Studying the Sun will unravel the secrets of alien life

Studying the Sun will unravel the secrets of alien life

Artistic vision of hot Jupiter - a planet orbiting a star with roughly solar parameters.

The new “solar” mission of NASA is able not only to study the native star, but also to provide valuable information regarding alien worlds. The sun plays an important role in our life, as it provides heat and light. However, if it were not for the dense atmospheric layer, then we would have lost protection against harsh solar conditions. But there are many such stars, which means that somewhere a planet can live in a comfortable point of space, like ours.
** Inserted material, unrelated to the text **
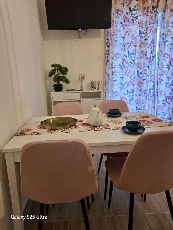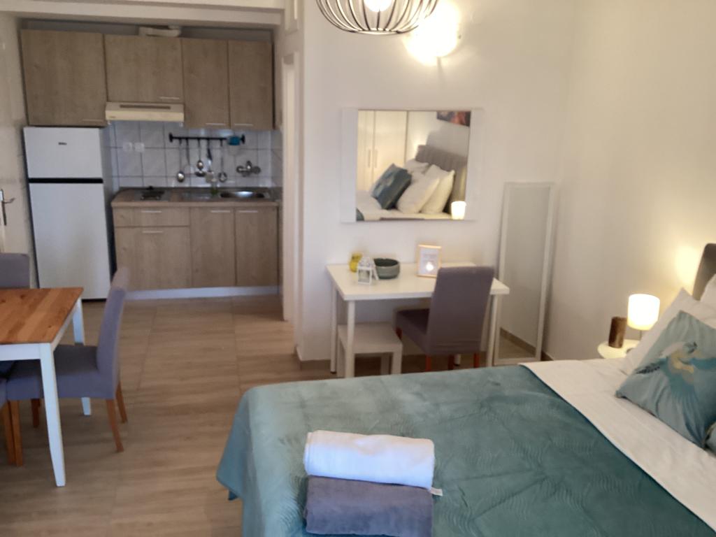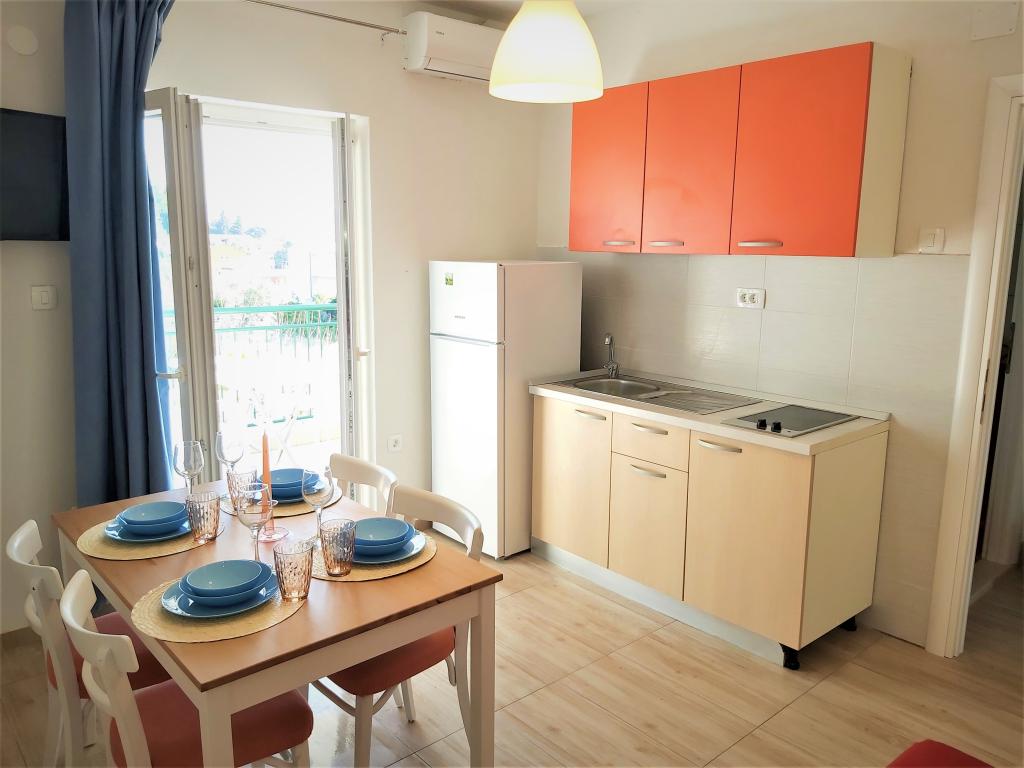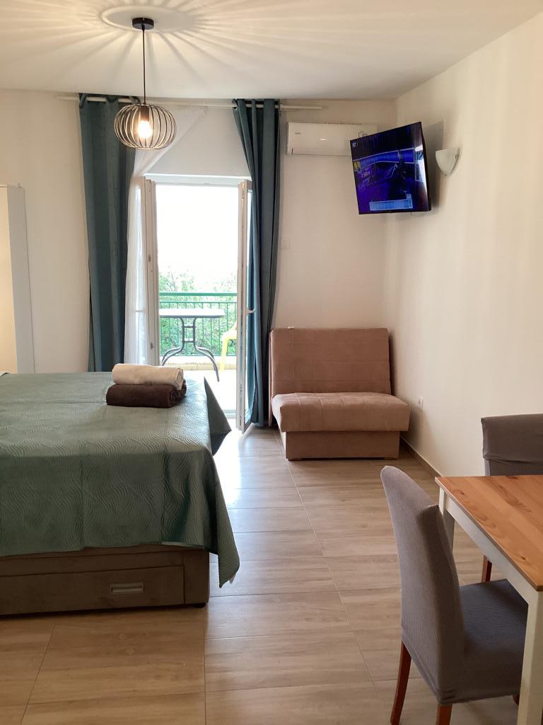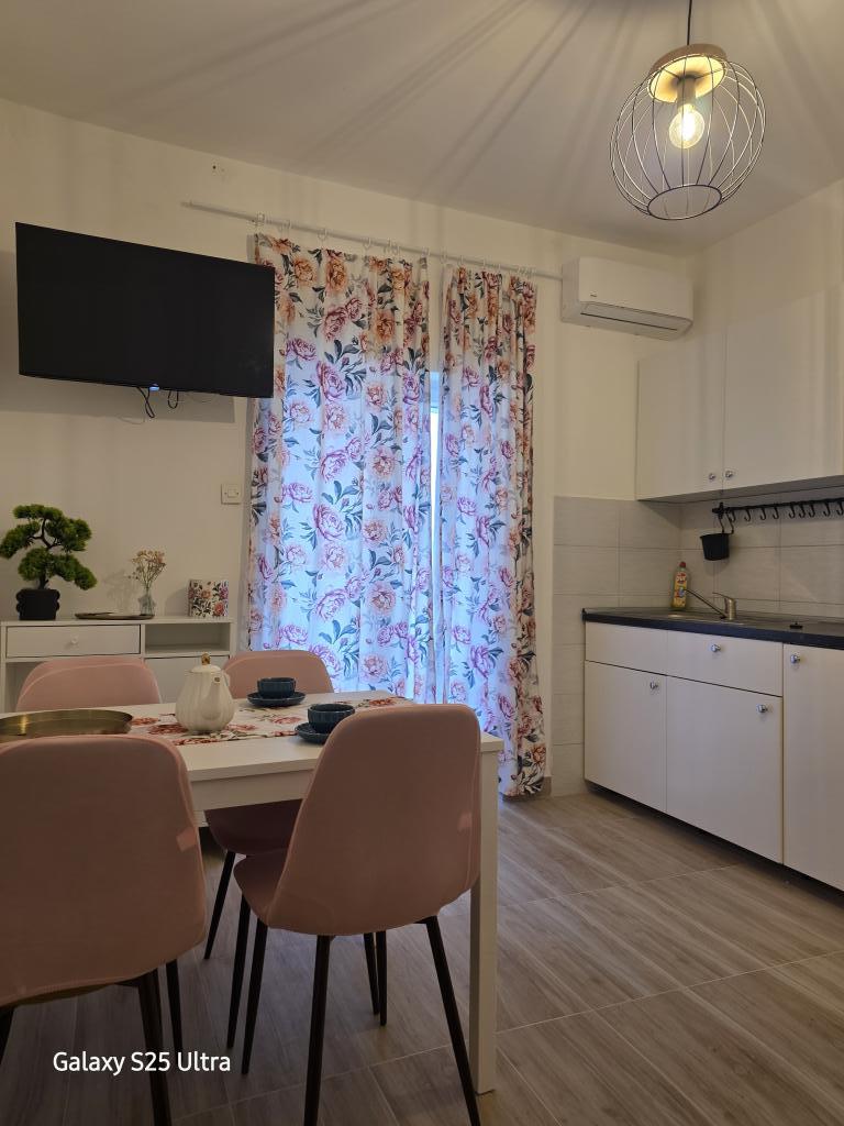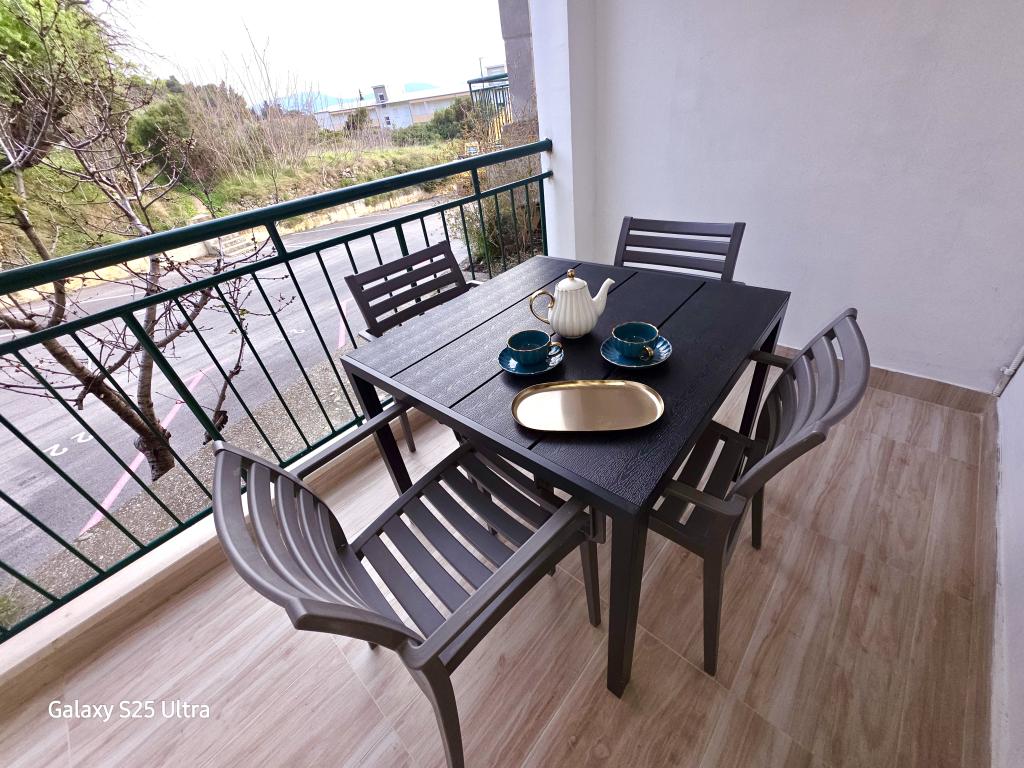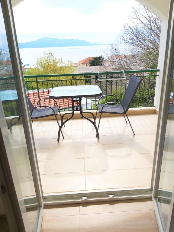 Vi boede i Ariana-lejligheden på anden sal. Det er ret rummeligt og udstyret med alt hvad du behøver, selv en vaskemaskine. Begge værelser har aircondition, hvilket gav os privatliv, fordi vi ikke behøvede at holde værelsesdøren åben. Altanen har en smuk udsigt over havet og bjerget, den er stor nok til at spise middag på den, den vender ud mod den stille side, hvor ingen biler kører forbi. Parkering er sikker i husets gård. Vi kommer gerne igen.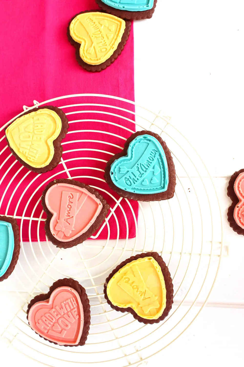 En Este caso he utilizado un kit de SilikoMart para hacer galletas al estilo Le Petit Ecolier, además con alguna frase en francés y en corazones, enseguida me vinieron a la cabeza estas Galletas de chocolate para San Valentín, exactamente como las veis, no lo dudé un segundo.

It turns out that a careful study of the native star will help to understand the planets, remote for long distances. This fall, the Parker probe, launched in August, will begin exploring how the sun works. Exoplanetary scientists will closely monitor this in order to understand what data should be guided in foreign systems.

The researchers plan to pay special attention to particles and high-energy photons that are dangerous to the Earth. The sun gives us an extreme amount of particles with a large amount of UV light. Without a protective atmosphere, this would be enough for DNA damage inside the cells (cancer). In addition, during the period of extreme solar flares (coronal mass ejections), high-energy particles overload the terrestrial magnetic field and negatively affect technologies (satellites and ground-based apparatuses). If the alien world lacks protection, then such particles are able to be the decisive factor in the habitability aspect of exoplanets. Of course, the planet may have an atmosphere, but with abundant bombardment with star particles, it simply will not be enough for protection. The study of high-energy outflow is difficult to carry out at a distance, so the Parker probe will play an important role.

The spacecraft will approach the Sun at a distance of 6 million km from the “surface” (many exoplanets are suspended at the same distance from their native stars). Most of the worlds close to the stars belong to the category of hot Jupiter, although they themselves are not gaseous. There is an assumption that if the worlds themselves are dead, then their large satellites are capable of having life or being suitable for it. And there is nothing crazy about it, because the moons of Jupiter and Saturn are already considered as future possible colonies.

Researchers will observe the data obtained and use them to limit the criteria for the world to be suitable for life. It is important to note that high-energy radiation, such as UV light, not only destroys unprotected life, but is also able to deceive the researcher, hinting at the presence of something “alive” in the world. The fact is that UV light destroys water and creates oxygen (the key signature of life). Also, the spacecraft will help to understand how solar dynamics is formed due to the magnetic field.